▶ **WHAT YOU SHOULD DO**
From the records that follow, return exactly the lines beginning at the one that contains "Designer Women's Party" and ending at the one that contains "맥주를 마시다보니 피자가", pictures left out.

** Opening AVAILABLE DATA block **

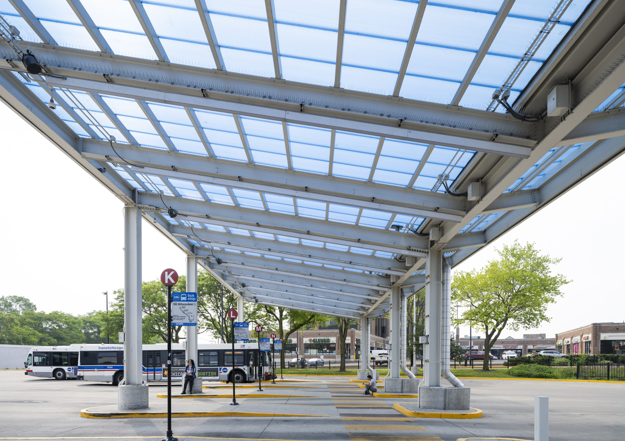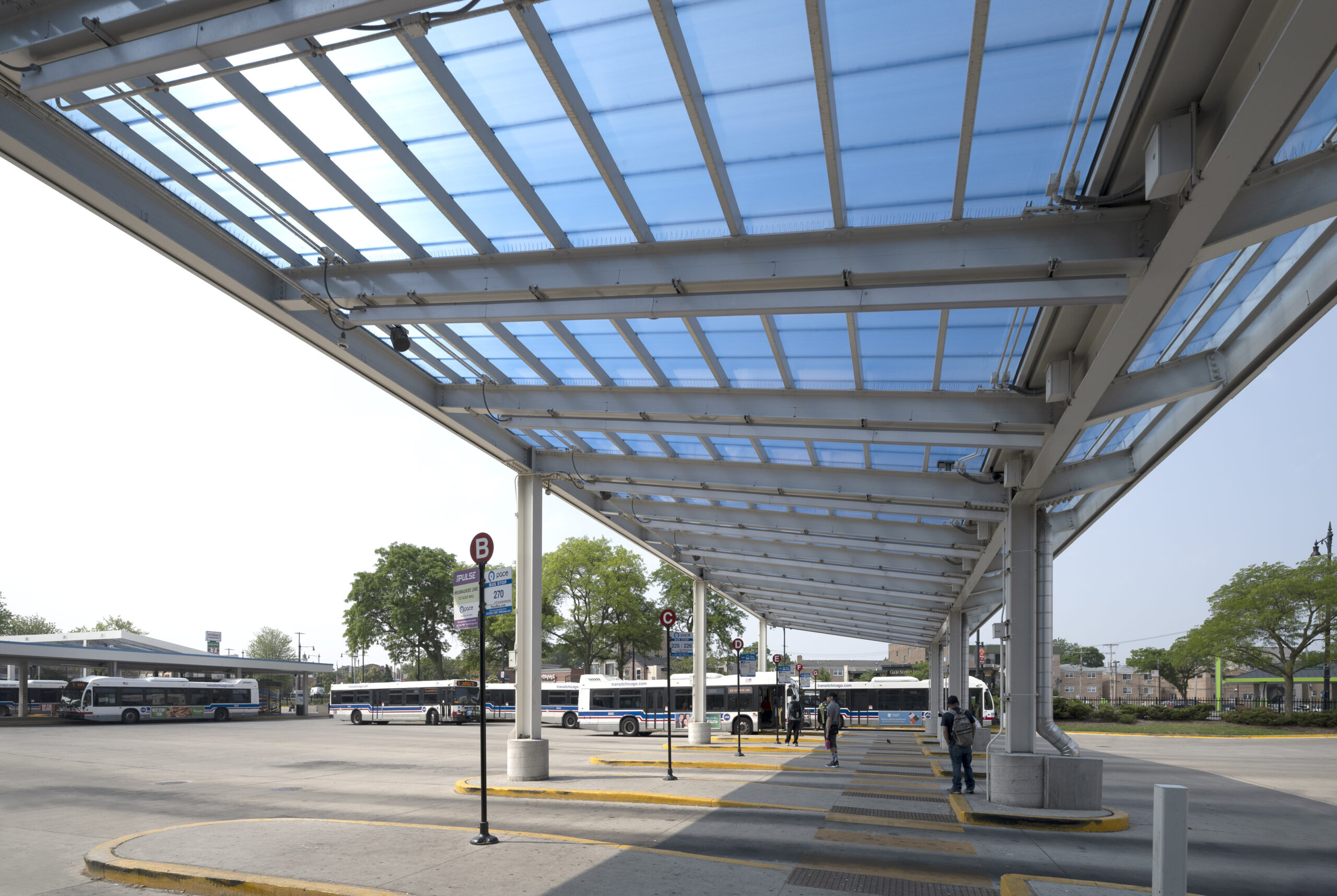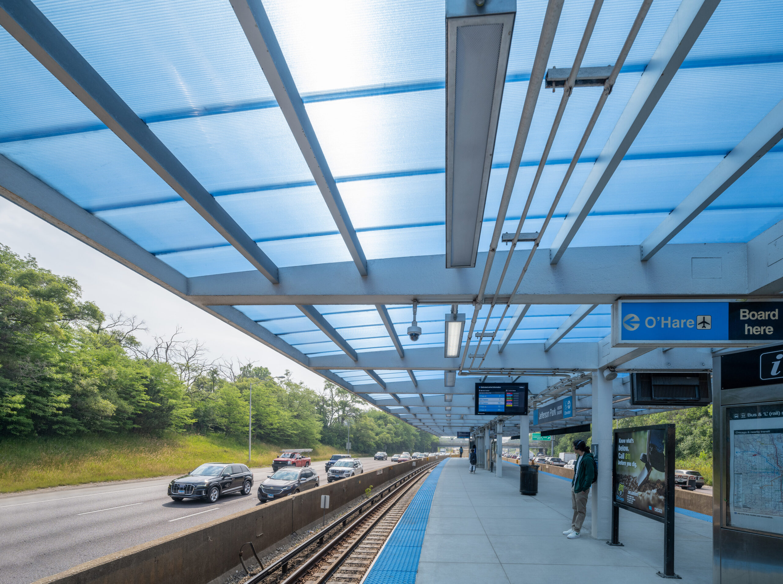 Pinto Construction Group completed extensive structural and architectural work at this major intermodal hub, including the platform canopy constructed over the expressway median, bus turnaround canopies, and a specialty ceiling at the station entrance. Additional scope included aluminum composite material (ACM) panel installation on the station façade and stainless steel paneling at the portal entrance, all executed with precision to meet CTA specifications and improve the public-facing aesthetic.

** Closing AVAILABLE DATA block **
** Opening AVAILABLE DATA block **

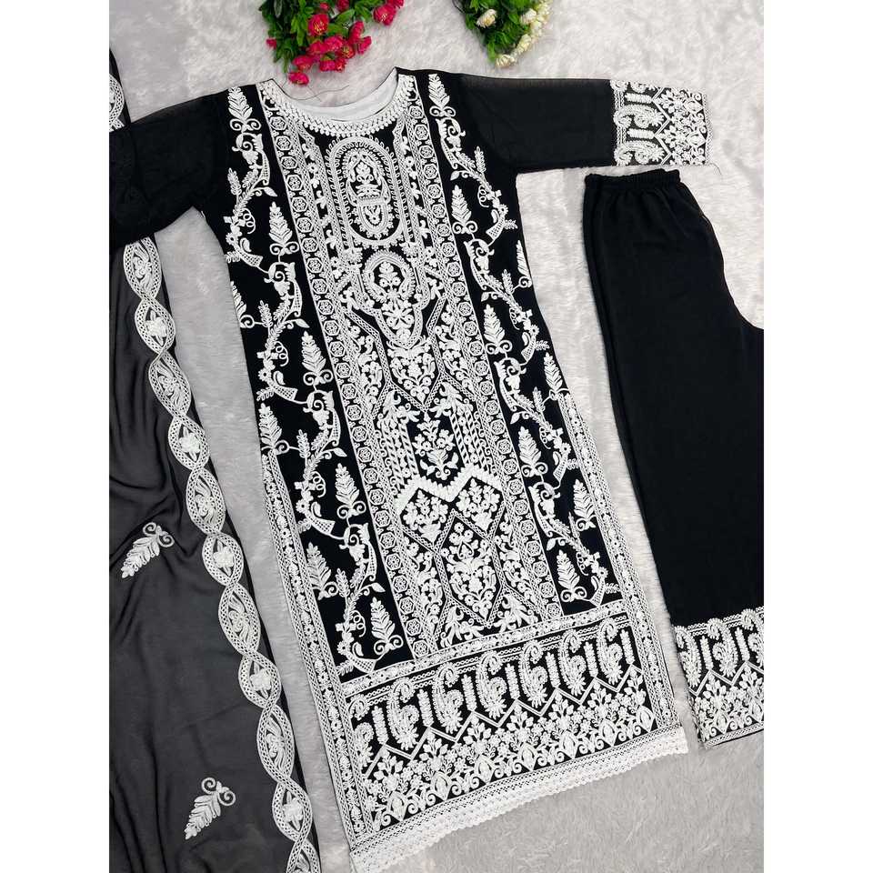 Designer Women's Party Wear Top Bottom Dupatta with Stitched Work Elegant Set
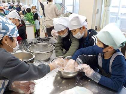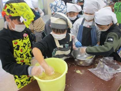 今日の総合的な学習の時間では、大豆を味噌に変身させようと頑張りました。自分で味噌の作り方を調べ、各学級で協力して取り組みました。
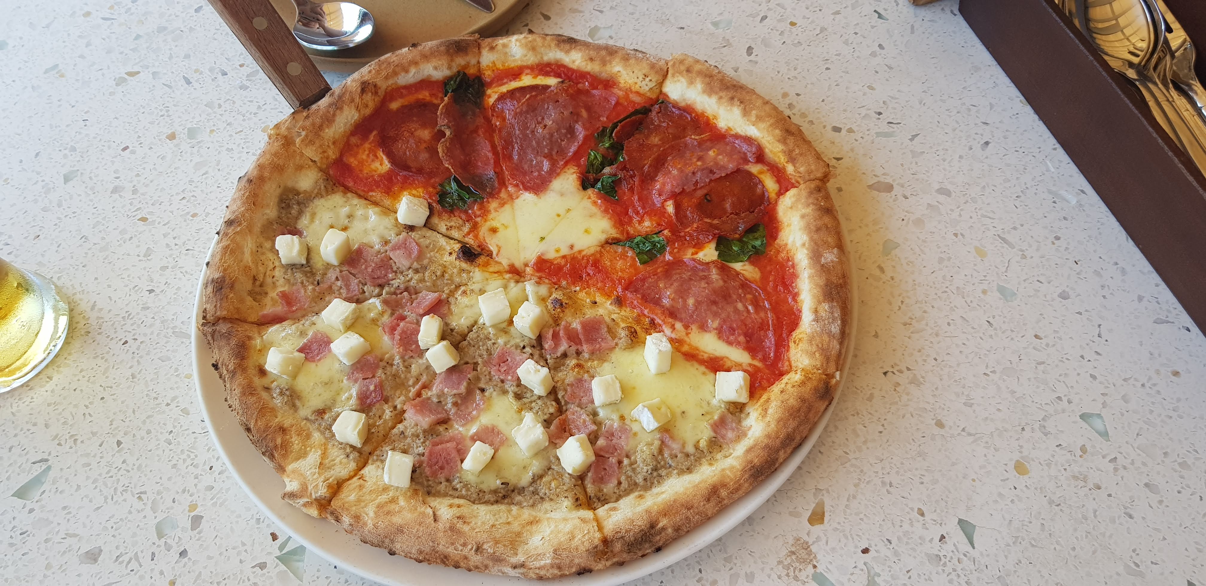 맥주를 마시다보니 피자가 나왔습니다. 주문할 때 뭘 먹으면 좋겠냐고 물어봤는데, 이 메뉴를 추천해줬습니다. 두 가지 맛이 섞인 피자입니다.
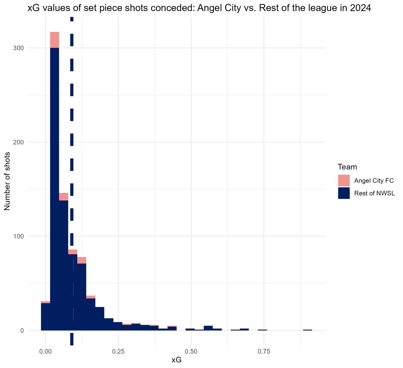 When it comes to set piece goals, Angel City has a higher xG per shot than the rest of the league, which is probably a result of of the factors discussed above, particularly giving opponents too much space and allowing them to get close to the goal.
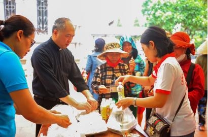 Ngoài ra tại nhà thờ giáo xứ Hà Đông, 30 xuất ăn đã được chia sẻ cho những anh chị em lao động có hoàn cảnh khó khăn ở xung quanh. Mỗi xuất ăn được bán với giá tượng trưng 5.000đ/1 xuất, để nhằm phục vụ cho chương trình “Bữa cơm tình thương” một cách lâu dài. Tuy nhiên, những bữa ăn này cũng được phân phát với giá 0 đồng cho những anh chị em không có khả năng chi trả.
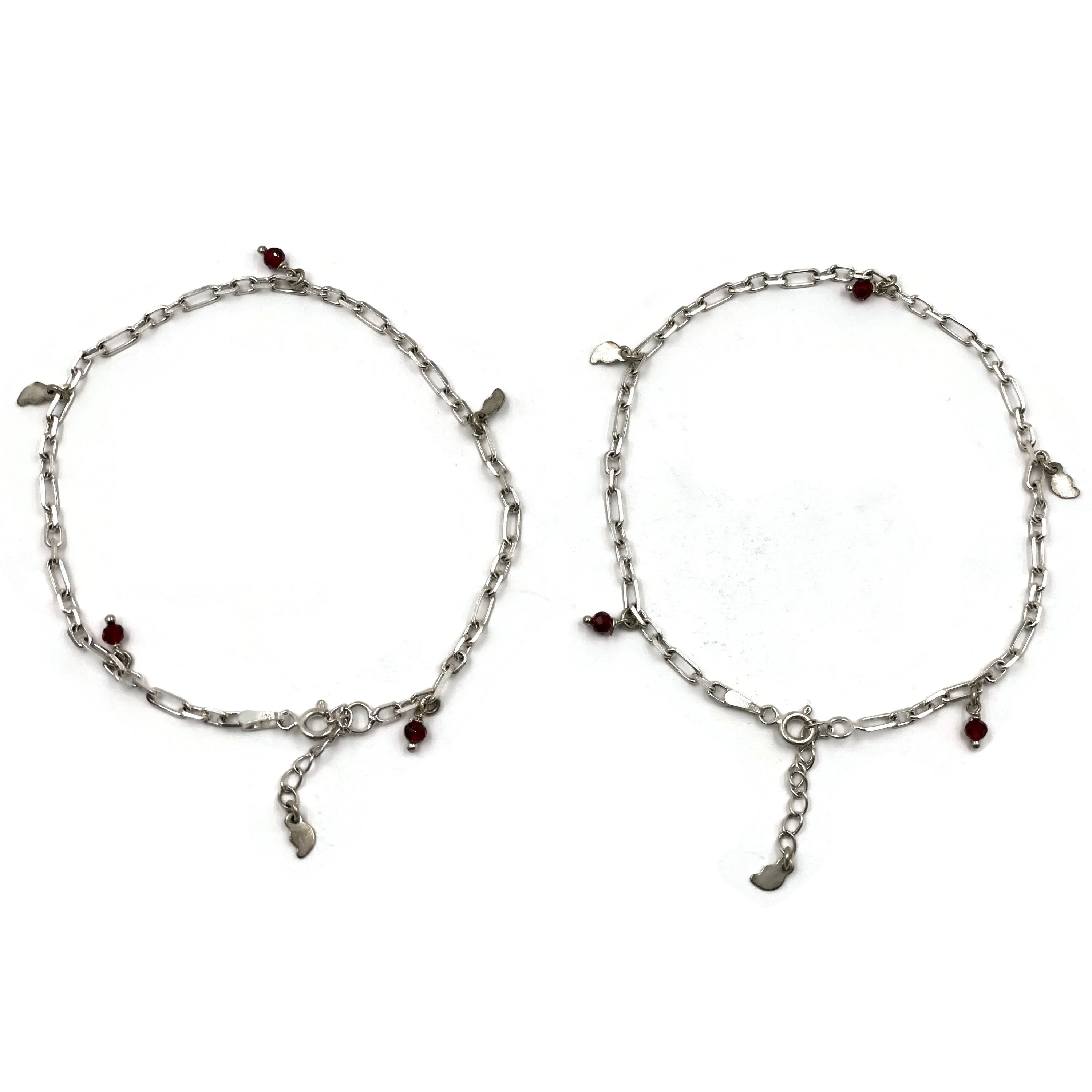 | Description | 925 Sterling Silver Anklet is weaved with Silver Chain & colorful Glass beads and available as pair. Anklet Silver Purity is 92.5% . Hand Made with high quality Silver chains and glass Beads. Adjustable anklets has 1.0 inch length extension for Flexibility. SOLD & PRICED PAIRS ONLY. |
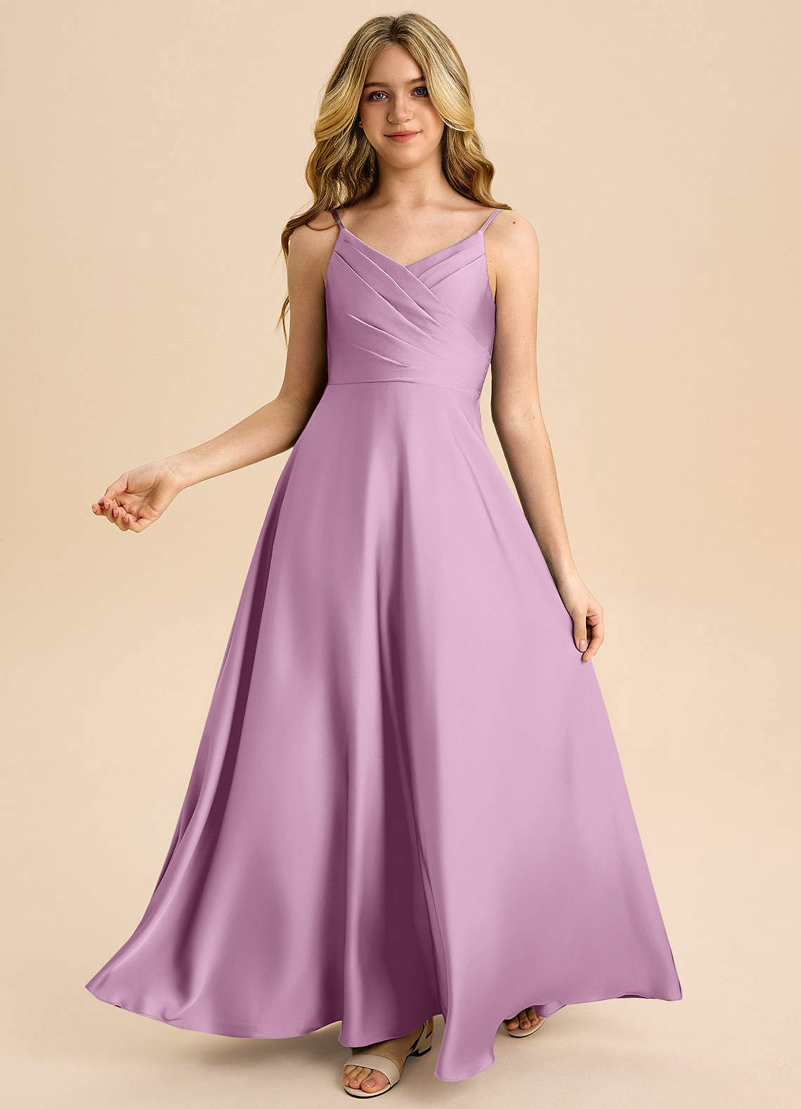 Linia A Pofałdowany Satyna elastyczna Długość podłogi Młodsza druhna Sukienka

** Closing AVAILABLE DATA block **

▶ **YOUR RESPONSE**
 Designer Women's Party Wear Top Bottom Dupatta with Stitched Work Elegant Set
 今日の総合的な学習の時間では、大豆を味噌に変身させようと頑張りました。自分で味噌の作り方を調べ、各学級で協力して取り組みました。
 맥주를 마시다보니 피자가 나왔습니다. 주문할 때 뭘 먹으면 좋겠냐고 물어봤는데, 이 메뉴를 추천해줬습니다. 두 가지 맛이 섞인 피자입니다.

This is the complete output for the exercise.